Techniques for shooting amazing portraits with digital camera
Techniques for shooting amazing portraits with digital camera
Professional wedding photographers with years of experience often find it easy to use old proven techniques when taking portraits. When taking portraits of couples, even when they are posed using new styles, portraits tend to become very monotonous when the angles and compositions being used are the same. We can say the photographers have fallen into a creative rut when all the pictures taken by them end up looking the same. When that happens, they have to pick up new techniques to challenge themselves and stay ahead of others. Let us look at some tips that can help keep the portraits look innovative and distinctive for each couple.
- Use a Longer Lens
Many photographers are of the opinion that the 50mm lens is a “must-have” portrait-lens, but the perspective offered by the mid-range lens is something familiar and oft seen. Portraits can be avoided being shot in the mid-range as they tend to look too ordinary. An attractive image compression that cannot be produced by a 50mm can be created using a 200mm or 85mm. This will help to not only flatter the couple by minimising the distortion of features, but also create a more dramatic back-ground blur and moreover, the background will be brought closer to the subject. Communicating with the subjects when using a 200mm would be a tad difficult. This can be overcome if you have one person shooting the picture from the distance and another placed closer to the couple to communicate with them.
- Find angles that are not at eye level
It is easy for photographers to see what is right in front of them. For a change, try to give a new perspective to the image by taking it from an angle above or below the eye-level.
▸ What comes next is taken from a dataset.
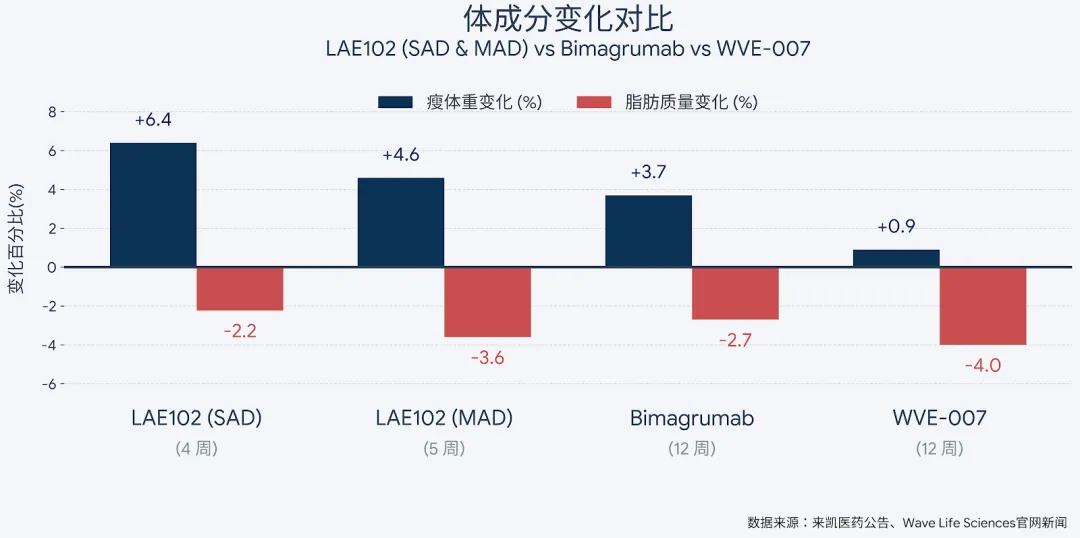 可以看出,来凯医药的LAE102早期信号强度非常突出,在4~5周的时间内就超过Bimagrumab在12周时的增肌表现,减脂效果不相上下;小核酸药物WVE-007虽然有不错的减脂效果,但是增肌效果尚不明确。

This is the best technique to use to flatter subjects who are of different heights and body types. Making a bride sit on the floor so that her hair and face are more in focus than the rest of her gives a different outlook to the image than the standard frontal bride portrait.
- Use off-camera flash
Even when used straight on, flash very rarely compliments a person’s face and the dimensionality of the image is lost. Both light and shadow on the subjects can be created when flash is used to light them from the side thereby flattering their features. A wider range of highlights and shadows are brought to the subject by this method. Moreover, details in the background are also highlighted and a more dramatic landscape is created.
- Overpower the sun with flash
Shooting during the mid-day using natural light is not an easy task. But, the power of the sun can be reduced and the image darkened for better exposure by using a couple of speedlites. This technique can particularly be used when environmental portraits that focus more on the landscape are being created. Speedlites can be effective in lighting up only the subject by over powering the sun and underexposing the sky. To generate light that is powerful enough to overpower the light of the sun, 2 to 4 off-camera speedlites with no diffusers would have to be used. To put more light on the subject, the speedlites can be held closer to the side of the subject. This also helps to create a dramatic effect by underexposing the background more.
- Find back-light
Training one’s eye to find perfect light requires time and practice. You can become a master in taking amazing portraits once you have acquired training in finding the light in any situation. After all, the quintessence of any photographic image is lighting. Irrespective of the light source, whether it be the sun, a light bulb or a window, they can be made use of to create beautiful edge light, where the source of light is from behind the subject. The rim light creates an effect that enhances the dimension of the image wherein the subject is more in focus and outlined because it is separated from the background.
- Look for silhouettes and reflections
For the enhancement of images, both visually and in depth, learn to look for reflective surfaces and opportunities to create silhouettes. To create silhouettes, it is imperative to look out for a strong source of light and make sure that it is placed behind the couple. The source of light could be light from a window, from a skylight or even a patch of light found on a wall. Try some creative reflective surfaces to get reflections like puddles, glass, floors and even granite walls.
- Shoot through objects
Objects that come in the way can be used advantageously. Certain elements can be placed in front of the image. Finding gaps between tree branches or other ordinary everyday items can enhance images by adding an interesting and many a times colourful element to the image. The subjects can be framed in an intimate way by blurring the foreground objects with the help of a longer lens.
- The sun as a light source
Photographers commonly shy away from shooting in the sun and prefer the open shade for an easy and even exposure. Earlier, back-lighting was mentioned as a solution when shooting in harsh light conditions. But, sunlight can be made use of as a direct spotlight on the subject. When the areas directly in contact with the sun are exposed, the surrounding shadows and the background will automatically darken throwing more focus and light on your subjects. Varying visual special effects can be created by applying this methods to different lighting options.
- Use video light for night portraits
When there is no light source available, video lights can be a good source to light up your subjects. Video lights are a constant source of light and hence, you can check how an image would show up on camera. LED video lights give enough power to last a little more than 2 hours. In low light situations, they are a good alternative to speedlites and can be adjusted quickly in dark situations.
- Use gel on your speedlites
The mood of your image can be changed by adding CTB (blue) or CTO (orange) gels to the speedlites. When the shooting is being done in a situation where the sky is overcast and very blue, the environment can be warmed up by the addition of a CTB gel and correct adjustment of white balance. Sunlight can be imitated with the help of CTO gels.